Apply L'Hopital's rule (LHR) two times:
[tex]\displaystyle \lim_{x\to0} \frac{\cos^2(x) - 1}{x^2} \stackrel{LHR}= \lim_{x\to0} \frac{-2\cos(x) \sin(x)}{2x} \stackrel{LHR}= \lim_{x\to0}\frac{2\sin^2(x) - 2\cos^2(x)}{2}[/tex]
Recall that
cos(2x) = cos²(x) - sin²(x)
So our limit is equivalent to
[tex]\displaystyle \lim_{x\to0}\frac{2\sin^2(x)-2\cos^2(x)}2 = \lim_{x\to0} -\cos(2x) = -\cos(0) = \boxed{-1}[/tex]

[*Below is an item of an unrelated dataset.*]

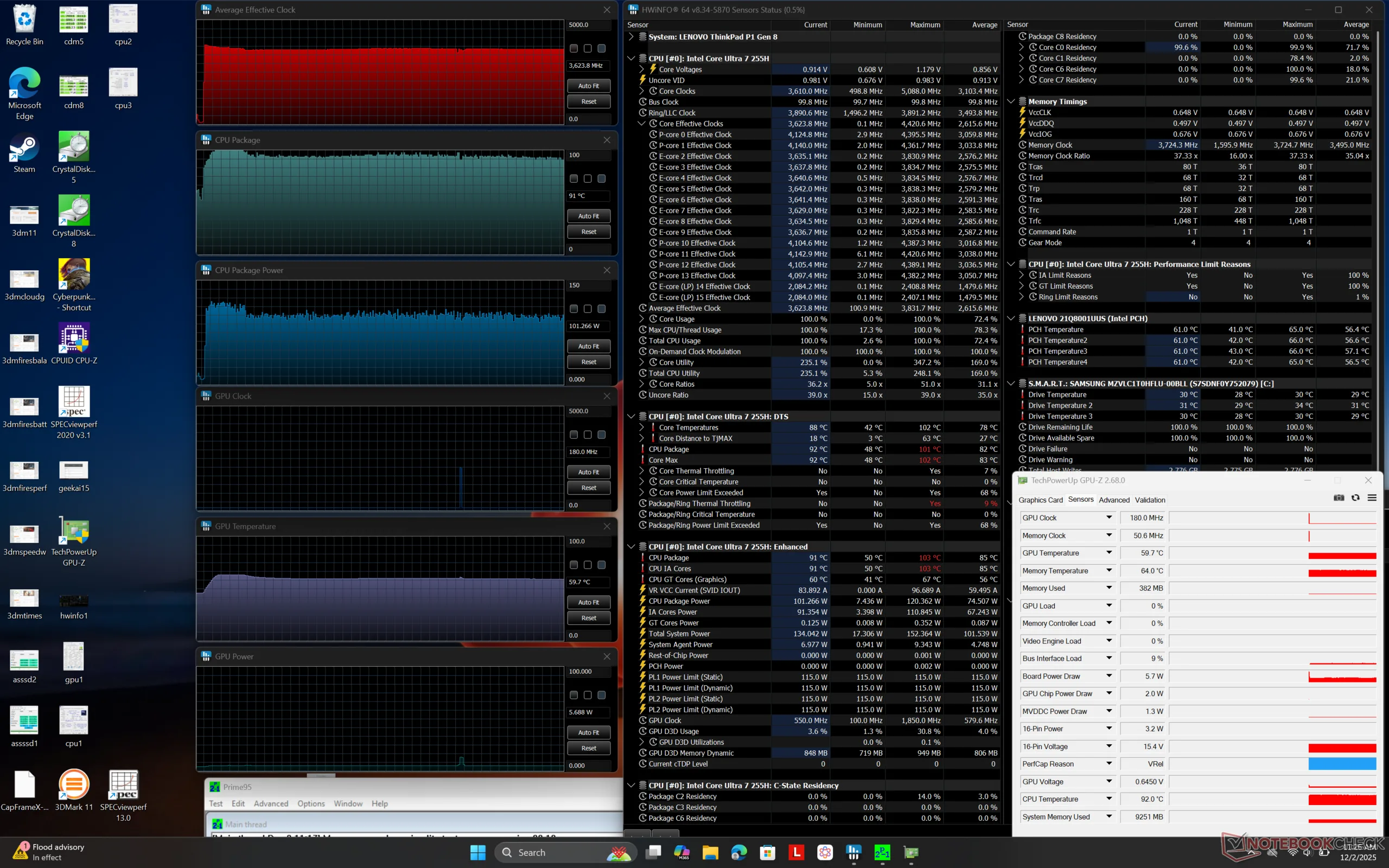 A CPU aumentaria para 3,8 GHz, 120 W e 100 C ao iniciar o estresse do Prime95, antes de cair um pouco e se estabilizar em 3,6 GHz e 101 W para manter uma temperatura de núcleo mais gerenciável de 91 C. O consumo de energia da placa da GPU salta de 63 W para quase 70 W ao alternar do modo balanceado para o modo de desempenho e, portanto, sugerimos a execução no modo de desempenho, apesar de suas temperaturas de núcleo ligeiramente mais altas de ~75 C. O clock da memória da GPU, em particular, salta de 1125 MHz para 1375 MHz ao alternar para o modo de desempenho.

You can also do this easily without LHR, provided that you know
[tex]\displaystyle \lim_{x\to0}\frac{\sin(x)}x = 1[/tex]
We again have
[tex]\displaystyle \lim_{x\to0}\frac{\cos^2(x)-1}{x^2} = \lim_{x\to0}\frac{-\sin^2(x)}{x^2} = -\lim_{x\to0}\left(\frac{\sin(x)}x\right)^2 \\\\ = -\left(\lim_{x\to0}\frac{\sin(x)}x\right)^2 = -1^2 = -1[/tex]